● WHAT YOU ARE ASKED TO DO:
Write every line of the material again exactly, with no pictures in the copy.

● AVAILABLE DATA:
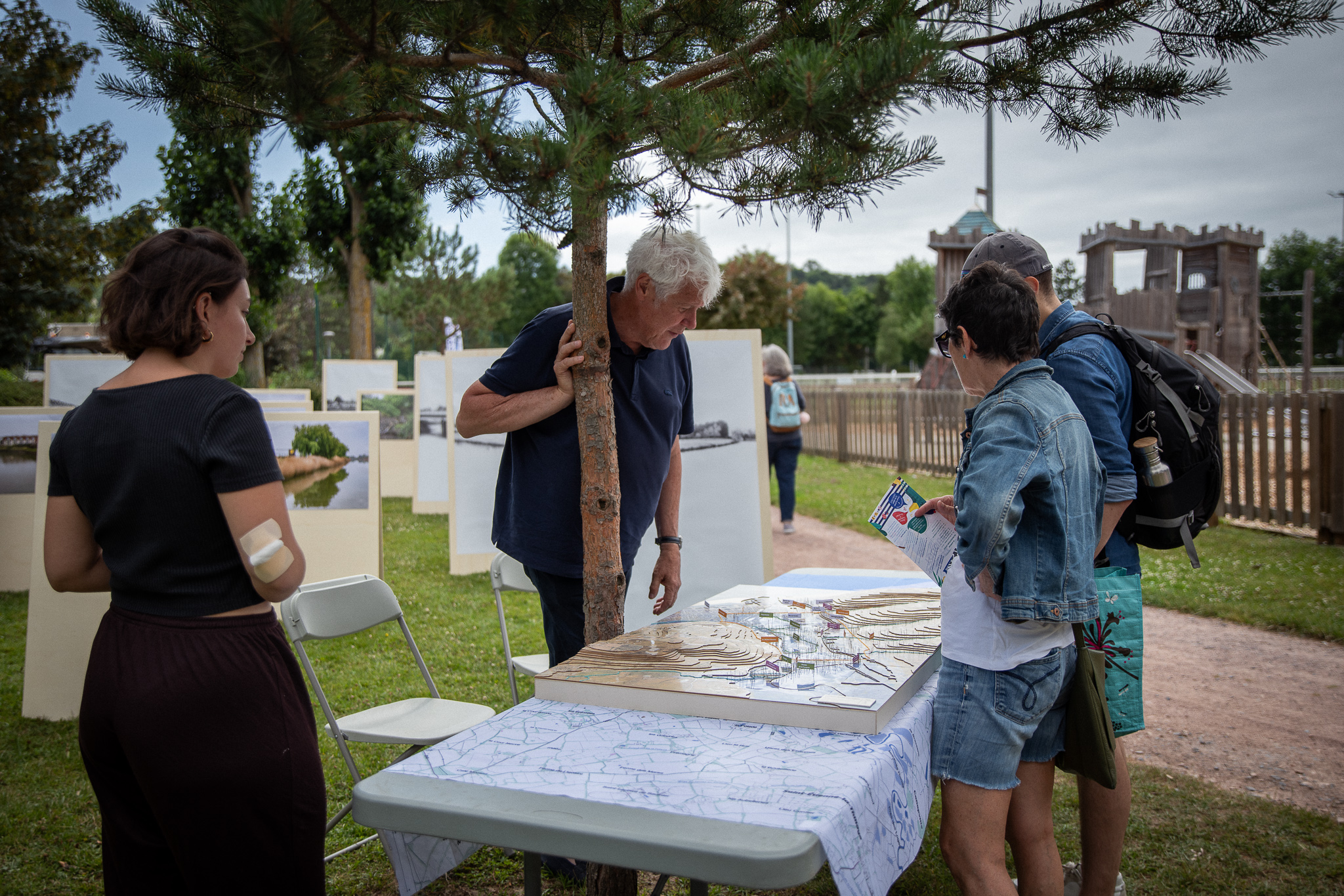 À cette occasion, un studio photo mené par Lucie Jean propose aux habitant·es de mettre en scène des images de futurs désirés pour la Touques et ses berges. Par le jeu de la mise en scène et de l’imaginaire, ces portraits deviennent autant de projections possibles du fleuve à venir, nourrissant la réflexion engagée autour du plan guide.
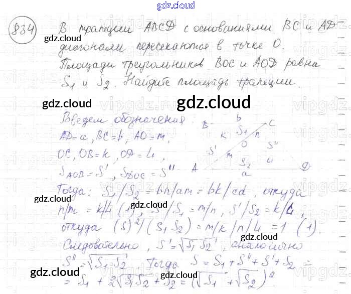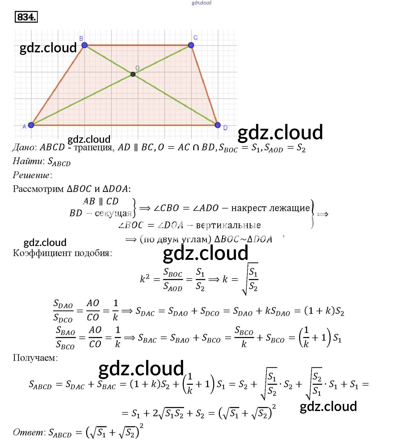 Ответ на задание 834 Учебник Геометрия за 7, 8, 9 (седьмой, восьмой, девятый) класс Атанасян, Бутузов, Кадомцев 2010
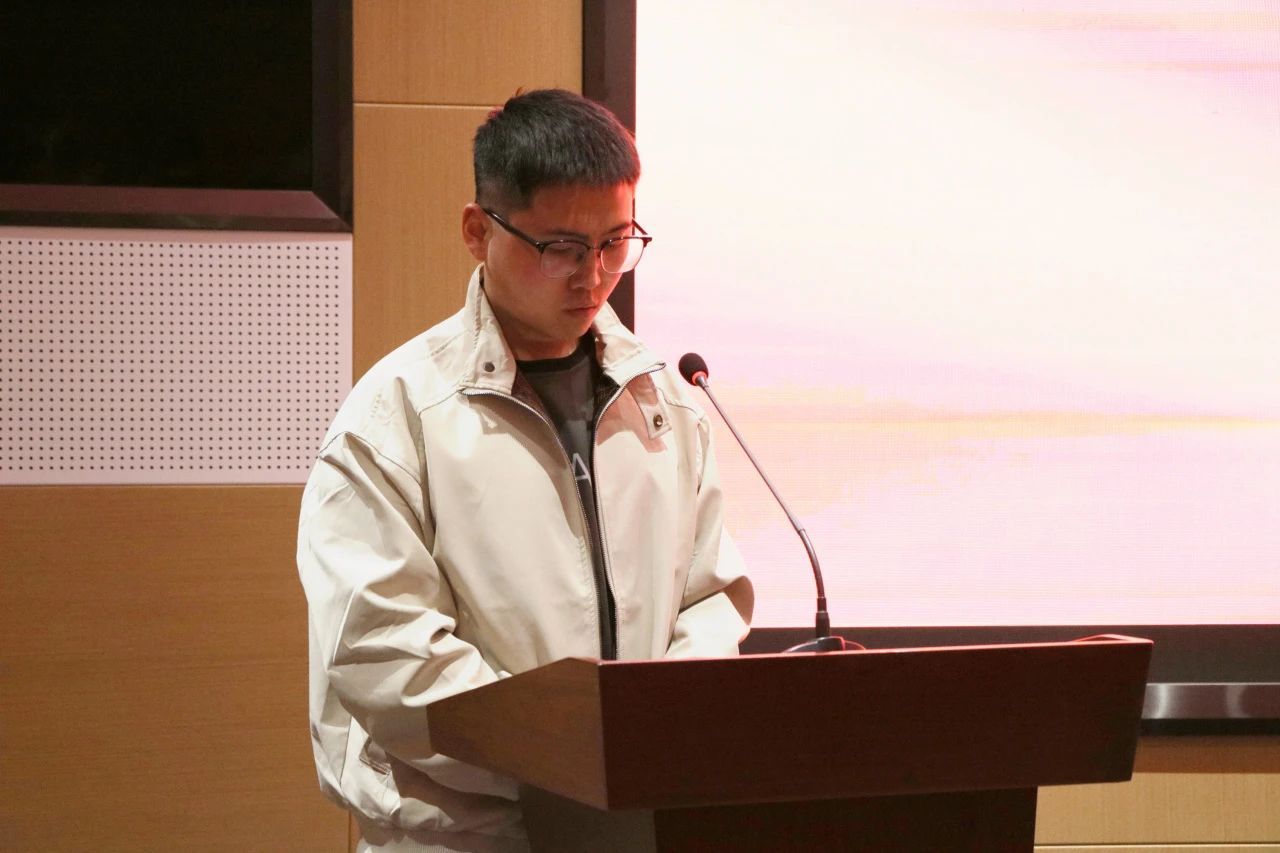 运动员代表24级学科思政张子豪发言。他代表全体运动员郑重承诺,将以最饱满的热情、最昂扬的斗志投入到训练与比赛中。比赛期间,严格遵守比赛规则,尊重对手、尊重裁判,全力以赴争取优异成绩,为公司争光添彩。张子豪同学的发言坚定有力,充满了青春的朝气与活力,展现出公司学子昂扬向上、勇于挑战的精神。

● TASK SOLUTION:
 À cette occasion, un studio photo mené par Lucie Jean propose aux habitant·es de mettre en scène des images de futurs désirés pour la Touques et ses berges. Par le jeu de la mise en scène et de l’imaginaire, ces portraits deviennent autant de projections possibles du fleuve à venir, nourrissant la réflexion engagée autour du plan guide.
 Ответ на задание 834 Учебник Геометрия за 7, 8, 9 (седьмой, восьмой, девятый) класс Атанасян, Бутузов, Кадомцев 2010
 运动员代表24级学科思政张子豪发言。他代表全体运动员郑重承诺,将以最饱满的热情、最昂扬的斗志投入到训练与比赛中。比赛期间,严格遵守比赛规则,尊重对手、尊重裁判,全力以赴争取优异成绩,为公司争光添彩。张子豪同学的发言坚定有力,充满了青春的朝气与活力,展现出公司学子昂扬向上、勇于挑战的精神。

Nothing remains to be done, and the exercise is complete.